Defending the focus on Israel, United Methodist chief lobbyist Jim Winkler explained: “We have an inordinate interest because this is where Jesus came from.” As the general secretary of the Capitol Hill-based General Board on Church and Society, Winker complained of little result from the 40 years’ worth of General Conference statements calling for an end to occupation.

“When we finally begin to put our money where our mouth is, suddenly we have the attention of the world,” Winker assessed, calling divestment “a major step forward,” and dialogue “unsuccessful.” He insisted: “It is time for this denomination to say ‘we’re not going to put up with this anymore.”

Also promoting divestment was a United Methodist missionary of Palestinian background.  "I have really seen this [oppression by Israel],” shared Alex Awad, Dean of Students at Bethlehem Bible College. Describing  daily “suffering” at Israeli checkpoints, Awad, who is sponsored by the church’s General Board of Global Ministries, asserted the targeted businesses are “bringing a lot of suffering” to Palestinian people.
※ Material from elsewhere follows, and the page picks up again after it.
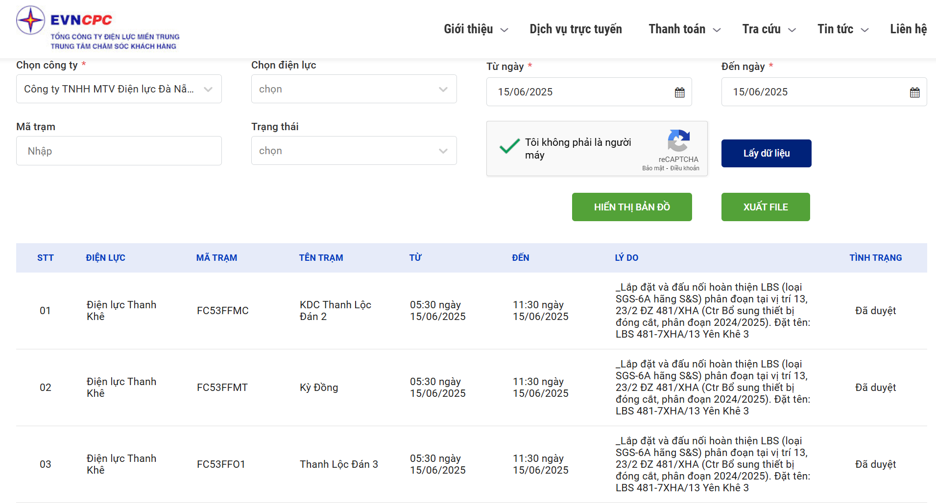 | Điện lực Thanh Khê | FC53FBP7 | Điện Biên Phủ 7 | 06:30 15/06/2025 | 12:30 15/06/2025 | Xử lý các tồn tại sau nghiệm thu hạ ngầm khoảng trụ C3-C6 mạch kép ĐZ 472 - 474/XHA.(Theo đề nghị của UBND Quận Thanh Khê) | Đã duyệt |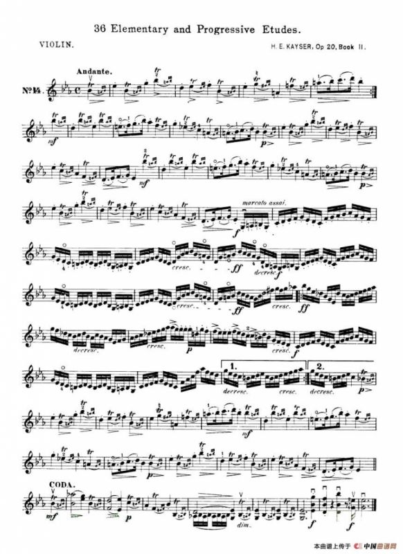 开塞(KAYSER 36首小提琴练习曲之13)提琴谱,简谱"

Awad noted that people in the Gaza strip have only six hours of electricity each day, apparently assigning blame to Israel, rather than the Hamas officials who govern the territory.

The group also heard from Daoud Nassar, a Palestinian Christian whose family holds a property deed dating from Ottoman rule in 1916. Surrounded by six Jewish settlements, Nassar’s family has chosen to remain on the West Bank rather than sell the property, even though it does not have running water or building permits.
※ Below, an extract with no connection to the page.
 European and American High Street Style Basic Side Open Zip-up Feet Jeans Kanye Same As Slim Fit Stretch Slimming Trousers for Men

“We refuse to be enemies,” Nassar announced of his family’s relationship with Israelis, saying that remaining on the property served as a witness.

“The Kairos Palestine document beseeches the world to come to our aid,” explained Sandra Tomari, another Palestinian Christian on the panel. “These are not punitive measures; these are designed to bring a power balance.” She was citing a manifesto against Israeli policies from some Palestinian church officials.

Tomari touted divestment from South Africa in the 1980s as an example of previous United Methodist action, equating Israel with the racist Apartheid state.

“The companies don’t even return our calls at this point,” Tomari reported of the firms targeted for divestment.

UM Kairos Response organizers made a special effort to highlight Jewish voices that favored divestment and stood against what were termed “establishment” Jewish figures.

“Our community is not monolithic, we are not marching in lockstep on divestment,” asserted Rabbi Brant Rosen of the Jewish Voice for Peace Rabbinical Council, admitting that his own congregation was not of one view on the matter.

“If I could get my congregants to see it with my own eyes, they would understand,” Rosen asserted. “Engagement is not working, that is why selective divestment is important.”

Reporters were given the opportunity to speak with panelists, and IRD was directed to speak with Jewish volunteers who supported the divestment proposal.

Asked what she would say to United Methodists who are critical of divestment, Dalit Baum, an Israeli Jew and a pro-Palestinian economic activist from San Francisco, singled out Caterpillar Tractor’s bulldozers as “tools of war.”

“As Methodists, they are invested in very specific crimes on the ground,” Baum asserted. Baum noted that the United Methodist Church does not invest in weapons manufacturers such as Boeing or United Technologies, saying “we are asking for consistency.”

Baum also claimed that most Hewlett-Packard revenues come from security technology, not from computer sales.

“We feel corporations have no conscience,” Baum determined.